Simulated Author's Rebuttal

2 responses · 0 unresolved

We thank the referee for highlighting the need for tighter experimental controls to support attribution of the reported gains. We address both major comments below and will revise the manuscript to include the requested details and experiments.

read point-by-point responses
  1. Referee: [Evaluation] The evaluation does not report whether the SFT baseline used identical optimizer, learning-rate schedule, epoch count, batch size, or random-seed handling as the EPPC-OASIS runs. Because the central performance claim rests on the +1.39 and +2.12 F1 improvements being caused by the Wasserstein alignment objective plus the verification/self-consistency/hybrid-correction steps, the absence of these controls is load-bearing.

    Authors: The SFT baselines were trained with identical settings: AdamW optimizer, linear warmup/decay schedule, 3 epochs, batch size 16, and random seed 42. These choices were made explicitly to isolate the contribution of the Wasserstein term. We will add a new 'Training Configuration' subsection with a comparison table documenting all hyperparameters for both SFT and EPPC-OASIS runs. revision: yes

  2. Referee: [Methods] No ablation tables or controlled experiments isolate the contribution of the Wasserstein alignment term from the base SFT objective or from the subsequent inference-refinement procedures. Without such ablations, the attribution of the reported F1 gains to the ontology-aware adaptation cannot be confirmed.

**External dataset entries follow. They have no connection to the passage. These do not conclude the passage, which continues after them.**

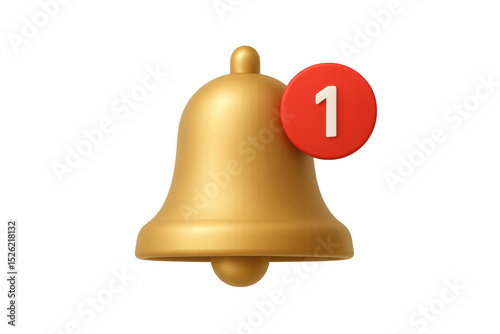 notification, bell, 1, three-dimensional, communication, alert, reminder, online, cyberspace, icon, symbol, update, information, important, urgent, attention, gold, red, number, single, isolated, simple, modern, design, graphic, element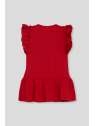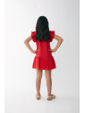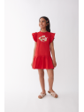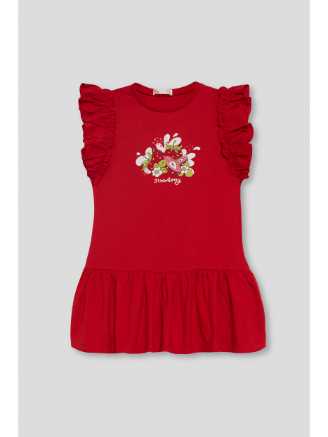 Vestido en color rojo vibrante destaca por su diseño con mangas de volantes fruncidos y un estampado frontal de fresas y kiwi, que aporta un toque fresco y divertido. Su silueta cómoda se complementa con una falda con vuelo, ideal para moverse con libertad y estilo.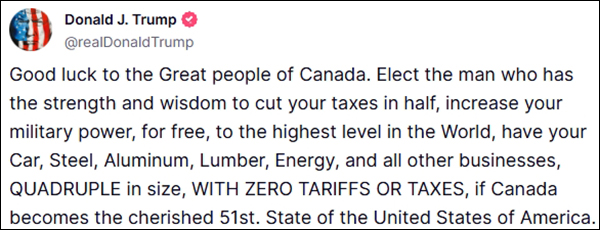 特朗普在其自創的社交媒體“真相社交”(Truth Social)上發帖表示,加拿大選民應選出一位“有力量和智慧的人”,“免費將軍事力量提升至世界最高水平”,將“汽車、鋼鐵、鋁、木材、能源及其他產業規模翻四倍,且零關税”,只要成為美國“珍愛的第51個州”,這一切都可實現。“別再受制於多年前人為劃定的邊界線。看看這片土地(合為一體)該有多美!完全自由的往來,再無邊界阻隔。全是好處,沒有壞處。這是天作之合!”特朗普寫道,“美國不能再像過去那樣,每年向加拿大提供數千億美元的補貼。除非加拿大是一個州,否則這毫無意義!”

    Authors: We agree that dedicated ablations are needed to isolate effects. The revised manuscript will include two new controlled experiments: (i) SFT versus SFT+Wasserstein (no inference refinement) and (ii) SFT versus SFT+inference refinement (no Wasserstein). Results will appear in a new ablation table with statistical significance tests, allowing direct attribution of the +1.39/+2.12 gains. revision: yes

Circularity Check

0 steps flagged

No significant circularity; empirical comparison is self-contained

full rationale

The paper reports an empirical evaluation of EPPC-OASIS (ontology-aware adaptation via Wasserstein alignment plus inference refinement) against prompting, SFT, preference, and robustness baselines across model families on a de-identified message corpus, with absolute F1 gains presented as experimental outcomes. No equations, fitted parameters renamed as predictions, self-definitional loops, or load-bearing self-citations appear in the abstract or described method; the central claims rest on direct metric comparisons rather than any derivation that reduces outputs to inputs by construction. This is the expected non-finding for a standard applied ML paper whose results are externally falsifiable via replication on held-out data.

Axiom & Free-Parameter Ledger

0 free parameters · 0 axioms · 0 invented entities

Review performed on abstract only; no explicit free parameters, axioms, or invented entities are stated. The approach relies on standard supervised fine-tuning plus a known optimal-transport alignment loss and post-hoc inference heuristics whose precise implementation details are not visible.